Entertainment

A pain in the ash

Provocation isn’t easy. The guys from “South Park” and “The Book of Mormon” make it look that way, but it’s really not.

Case in point: The new musical “The Last Smoker in America,” which tries hard to be edgy, only to suck with the aggressive intensity of 10,000 Hoovers.

Bill Russell (book and lyrics) clearly wants to skewer political correctness with the story of Pam (Farah Alvin), a free-spirited mom determined to keep lighting up in a world where cigarette smoking’s illegal.

“Cigarettes fill a void,” Pam sings. “So who am I kidding?/My life’s a hemorrhoid.”

Alas, even Preparation H would be useless against her obnoxious pig of a husband, Ernie (John Bolton), and her obnoxious pig of a son, Jimmy (Jake Boyd).

All of them — plus religious-freak neighbor Phyllis (Natalie Venetia Belcon, who played Gary Coleman in “Avenue Q”) — sing random numbers that aren’t justified by either plot or character development.

Whatever passes for a story drags along, free of anything resembling logic, as we go from clunky scene to clunkier song. There’s a whopping 15 of those, including several elaborate fantasy numbers.

Take Jimmy, who out of the blue starts rapping about living the ghetto life in “Gangsta”: “My body is a total Afro-disiac/And all my homeys love me/’Cause I be black.”

Then he goes back to speaking like the white teenager he is.
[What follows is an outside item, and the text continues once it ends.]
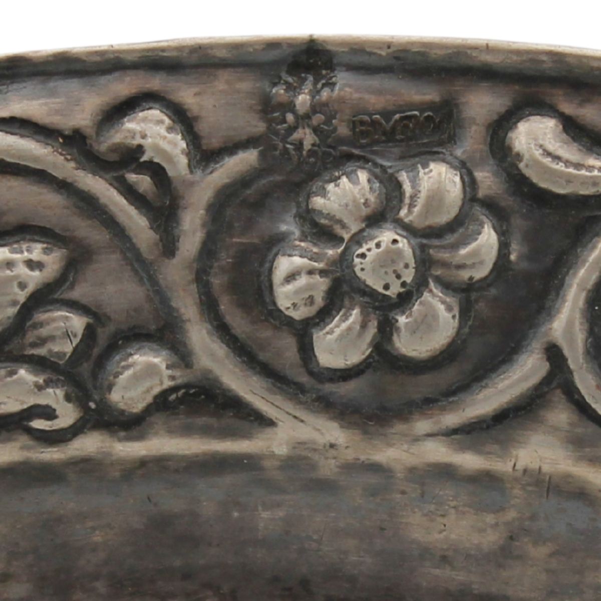 € 150Antico argento inciso e sbalzato a motivi floreali e vegetali. Marcato Palermo. Fine secolo XVIII. Gr. 234. Cm 24x18

Paging the continuity police!

As for Ernie, he’s always wanted to be in a band. But instead of singing about, say, going to rock ’n’ roll fantasy camp, he whines, in “Straight White Male,” about life being so unfair because minorities get all the breaks. Even Pam’s taken aback.
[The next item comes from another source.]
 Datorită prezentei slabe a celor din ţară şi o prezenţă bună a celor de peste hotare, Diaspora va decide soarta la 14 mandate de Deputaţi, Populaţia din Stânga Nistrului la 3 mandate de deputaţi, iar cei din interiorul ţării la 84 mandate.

Meanwhile, since Phyllis is black, she gets a gospel number, “Let the Lord Be Your Addiction.”

Bizarrely, “Smoker” comes from people with pedigrees. In 1998, Russell’s book and lyrics for “Side Show” were nominated for Tonys. Composer Peter Melnick worked with Christopher Durang in the well-received romp “Adrift in Macao.”

You can’t blame director Andy Sandberg’s cast, who bravely give their all, and the production values are fairly good, especially Michael McDonald’s costumes and Charlie Corcoran’s nifty set.

They just can’t make this misfire bearable, though. Never mind the cigarettes — pass me the vodka.